▼▼▼
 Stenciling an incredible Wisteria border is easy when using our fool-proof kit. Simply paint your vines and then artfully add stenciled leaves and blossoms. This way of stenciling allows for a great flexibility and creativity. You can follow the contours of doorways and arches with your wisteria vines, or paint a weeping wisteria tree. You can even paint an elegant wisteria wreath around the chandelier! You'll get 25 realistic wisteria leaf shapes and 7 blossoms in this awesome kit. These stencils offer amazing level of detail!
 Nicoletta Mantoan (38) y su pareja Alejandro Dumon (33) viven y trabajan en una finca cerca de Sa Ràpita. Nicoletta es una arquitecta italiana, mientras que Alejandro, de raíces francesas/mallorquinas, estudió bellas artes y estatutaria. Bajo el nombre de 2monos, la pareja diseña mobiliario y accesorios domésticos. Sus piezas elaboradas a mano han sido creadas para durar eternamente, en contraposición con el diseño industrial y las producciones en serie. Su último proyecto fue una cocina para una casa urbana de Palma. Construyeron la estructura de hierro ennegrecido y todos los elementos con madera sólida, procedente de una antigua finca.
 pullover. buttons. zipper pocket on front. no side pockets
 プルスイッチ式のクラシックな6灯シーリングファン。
▲▲▲
▼▼▼
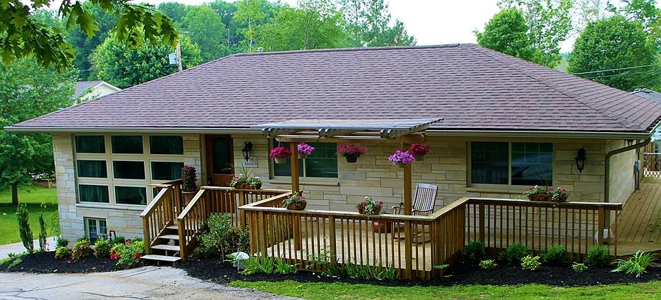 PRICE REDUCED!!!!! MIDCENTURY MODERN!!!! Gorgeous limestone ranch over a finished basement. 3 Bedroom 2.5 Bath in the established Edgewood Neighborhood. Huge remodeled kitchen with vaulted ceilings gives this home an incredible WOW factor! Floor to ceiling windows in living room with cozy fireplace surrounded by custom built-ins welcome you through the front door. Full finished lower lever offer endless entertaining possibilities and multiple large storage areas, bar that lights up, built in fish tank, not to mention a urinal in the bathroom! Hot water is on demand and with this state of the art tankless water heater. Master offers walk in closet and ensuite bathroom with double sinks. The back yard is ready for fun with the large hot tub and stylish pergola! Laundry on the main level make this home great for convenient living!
▲▲▲
▼▼▼
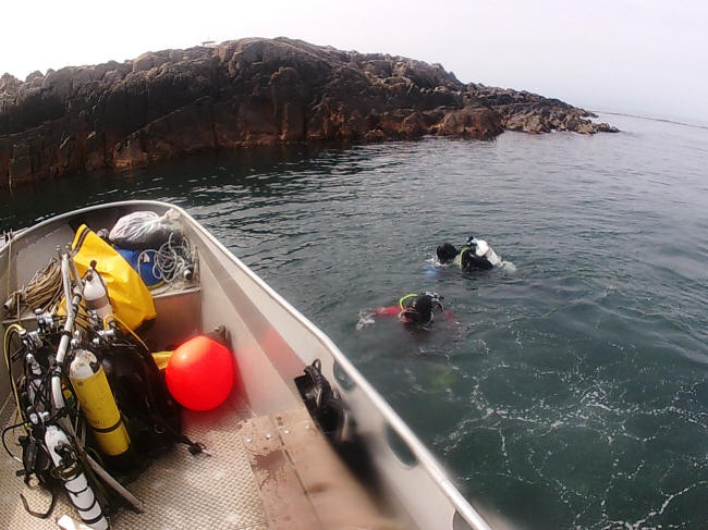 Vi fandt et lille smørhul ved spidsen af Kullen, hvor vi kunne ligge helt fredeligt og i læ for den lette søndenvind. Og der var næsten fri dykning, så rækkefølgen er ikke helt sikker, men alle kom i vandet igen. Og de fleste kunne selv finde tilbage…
▲▲▲
**ACTION ITEM**:
Using the records above, write out exactly the lines between the one holding "pullover. buttons. zipper" and the one holding "プルスイッチ式のクラシックな6灯シーリングファン。", inclusive; leave everything else out.

**RESULT OF THIS TASK**:
 pullover. buttons. zipper pocket on front. no side pockets
 プルスイッチ式のクラシックな6灯シーリングファン。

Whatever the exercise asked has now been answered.